Computing Composite Scores (Mean)
Introduction
In this post, I am going to demonstrate how to compute composite scores or means aggregated over multiple items. There are at least two approaches to achieve the goal.
Let’s load necessary packages first.
library(tidyverse)
Create hypothetical data sets: one with complete data and one with missing values.
#id = unique id number for each participant
#se refers self-efficacy
#se1 refers to the first survey item of the self-efficacy scale
mydata<-data.frame(
id = c(1:3),
se1 = c(1, 3, 4),
se2 = c(2, 2, 5),
se3 = c(1, 3, 3)
)
missdata<-data.frame(
id = c(1:3),
se1 = c(1, 3, 4),
se2 = c(NA, 2, 5),
se3 = c(1, 3, NA)
)
Check our data set.
mydata
## id se1 se2 se3
## 1 1 1 2 1
## 2 2 3 2 3
## 3 3 4 5 3
missdata
## id se1 se2 se3
## 1 1 1 NA 1
## 2 2 3 2 3
## 3 3 4 5 NA
We are ready to explore the data.
First Approach: R Base Functions
Since we are interested in computing means, rowMeans
will do the work. We need to create a new variable called se to represent each participant’s overall level of self-efficacy and specify what columns or items are needed for computing the composite score for each person (mean in this case). Let’s play with our complete data set mydata
first.
mydata$se<-rowMeans(mydata[, c("se1", "se2", "se3")], na.rm=T)
mydata
## id se1 se2 se3 se
## 1 1 1 2 1 1.333333
## 2 2 3 2 3 2.666667
## 3 3 4 5 3 4.000000
na.rm
is an argument for determining how to deal with cases with missing values. It is not particularly relevant here since there is no missing value in mydata
.
Second Approach: Tidyverse
mydata %>% mutate (se = rowMeans(select(., c("se1", "se2", "se3")), na.rm=T))
## id se1 se2 se3 se
## 1 1 1 2 1 1.333333
## 2 2 3 2 3 2.666667
## 3 3 4 5 3 4.000000
mutate
is a great function to create new variables. select
is another function to select the variables needed. . (dot) refers to mydata
. Here, na.rm
is also not particularly relevant here since there is no missing value. It looks like we have identical values. Good!
Deal with Missing Values
na.rm
will be relevant when dealing with data containing missing values. na.rm = FALSE
is very similar to the idea of list-wise deletion. That is, R will not compute the composite score for any row or person that contains a missing value for the items you selected. On the contrary, na.rm = TRUE
is very similar to the idea of the full information approach. That is, R will utilize all the possible information from the items to compute the mean.
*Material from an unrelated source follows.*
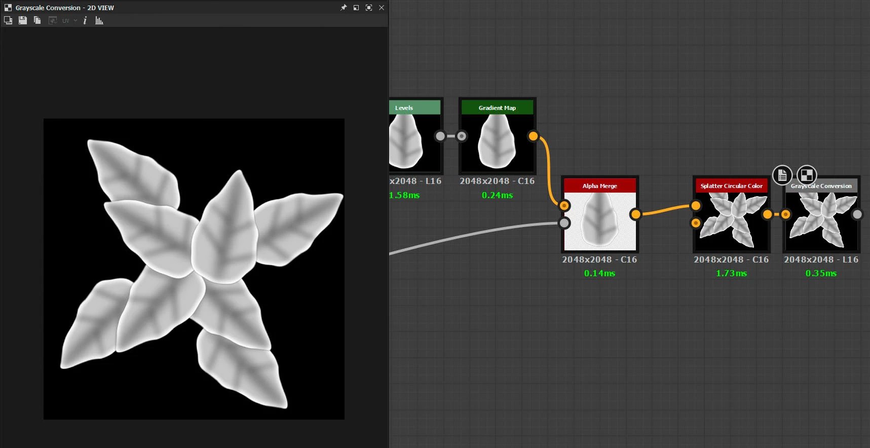 If you want the individual 'leaves' to overlap with no transparency, you could convert to colour using a gradient map and add an alpha channel based on the shape. Then use Alpha Blend in a Splatter Circular Color node. You can convert back to grayscale, if you need to, to continue your graph.

If there is a missing value in one of the three items, R will still compute the mean based on the values of the other two items.
#list-wise deletion approach
missdata$list<-rowMeans(missdata[, c("se1", "se2", "se3")], na.rm=F)
#full information approach
missdata$full<-rowMeans(missdata[, c("se1", "se2", "se3")], na.rm=T)
missdata
## id se1 se2 se3 list full
## 1 1 1 NA 1 NA 1.000000
## 2 2 3 2 3 2.666667 2.666667
## 3 3 4 5 NA NA 4.500000
As you can see here, since there is a missing value for person 1 and person 3 in one of the self-efficacy items, na.rm=F
will discard all the other information from items that do contain information and will not compute the mean for that person. On the contrary, na.rm=T
will still compute the mean based on the information from items that do not have missing values. This idea is the same when using Tidyverse.
#list-wise deletion approach
missdata %>% mutate (list = rowMeans(select(., c("se1", "se2", "se3")), na.rm=F))
## id se1 se2 se3 list
## 1 1 1 NA 1 NA
## 2 2 3 2 3 2.666667
## 3 3 4 5 NA NA
#full information approach
missdata %>% mutate (full = rowMeans(select(., c("se1", "se2", "se3")), na.rm=T))
## id se1 se2 se3 full
## 1 1 1 NA 1 1.000000
## 2 2 3 2 3 2.666667
## 3 3 4 5 NA 4.500000
We have the identical results here. Using the full information approach na.rm=T
, for person 1, the mean is 1 ((1+1)/2) despite a missing value for item 2.